17  ASSAULT ON THE LONG BARRACKS

Massed troops of the 1st, 2nd, and 3rd columns are shown here directing their fire into Texan positions along the west side of the Long Barracks. The building was well fort­ified and consisted of a number of rooms, each of which was bitterly contended. Behind this sprawl of soldiers is the extreme western end of the north wall, the section where the initial breakthrough oc­curred. Parts of the wall were apparently as low as seven feet, and almost all of it was in bad shape.

The Mexican engineers had worked on it the previous fall, the defenders before and even during the siege. As late as March 4th, Navarro speaks of "...the sound of hammers and great vulgarities." Out of view (behind the Long Bar­racks, in my painting) was the north gun battery commanded by Col. William Barrett Travis. Called the "Fortin de Teran,” Labastida in­dicates three cannon in this position, Navarro shows two. It was probably very similar to the raised battery I show on the northwest corner. Travis was killed directing fire from the northern position during the first charge.

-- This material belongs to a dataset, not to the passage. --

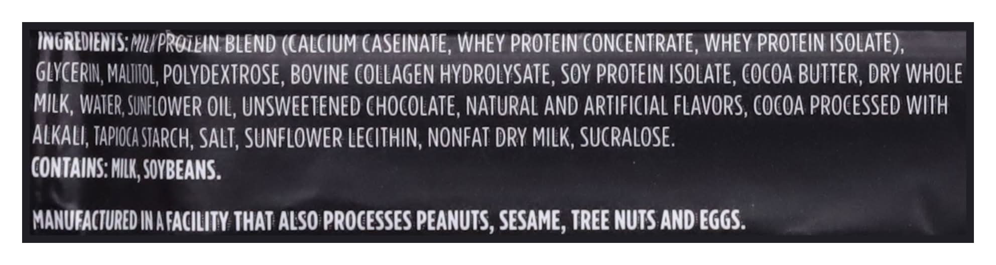 Ingredients: Milk Protein Blend (Calcium Caseinate, Whey Protein Concentrate, Whey Protein Isolate), Glycerin, Maltitol, Polydextrose, Bovine Collagen Hydrolysate, Soy Protein Isolate, Cocoa Butter, Dry Whole Milk, Water, Sunflower Oil, Unsweetened Chocolate, Natural and Artificial Flavors, Cocoa Processed with Alkali, Tapioca Starch, Salt, Sunflower Lecithin, Nonfat Dry Milk, Sucralose Contains: Milk, Soybeans, Peanuts, Sesame, Tree Nuts, Eggs

18  SOUTH END OF THE LONG BARRACKS

If you have visited the Alamo you have seen the lower portion of this building. The southern section was the only two-story structure at the time of the battle. Segments of it are probably the oldest surviving parts of the original mission. It had been the friar’s quarters, with a granary at its northern end. It may have continued in a long series of rooms, all the way to the north wall.

The maps disagree on this. Navarro draws it this way; Labastida indicates a break. Neither, the '39 Maverick watercolor or the '45 drawing by Lieut. J. Edmund Blake shows its entire length. The main entrance to the compound east of the Long Barracks (referred to as a "corral") was through an arch in the ad­joining one-story building to the north of the one I show here. There was at least one, and possibly two, cannon mounted on a raised platform along the fence toward the east. These, as well as those mount­ed high up in the church, would have been encountered by Romero's 3rd column in the initial charge, but none of this can be seen from the viewpoint shown in my painting.

Besides the three boarded up windows, the end of the Long Barracks also had a door which is hidden behind the Mexican soldier in the foreground. The angle of pock­marked bullet damage to the lower section of the entrance to the church indicate fire from the upper story of the barracks and suggest that it may have been one of the last defenses to fall.

19  SUB-LIEUTENANT JOSE MARIA TORRES

On the top of the barracks, kneeling behind a low parapet, a young Mexican officer enacts one of the deadliest rituals of war. Flags were then, and continue to be, powerful symbols. The flag raising on Iwo Jima remains an icon for a whole generation; the taunting presence of the Vietcong banner over the Citadel during the battle for Hue summed up the frustration of an entire nation. Imagine then, the potency of flags actually carried into battle, bitterly contested, captured and recaptured.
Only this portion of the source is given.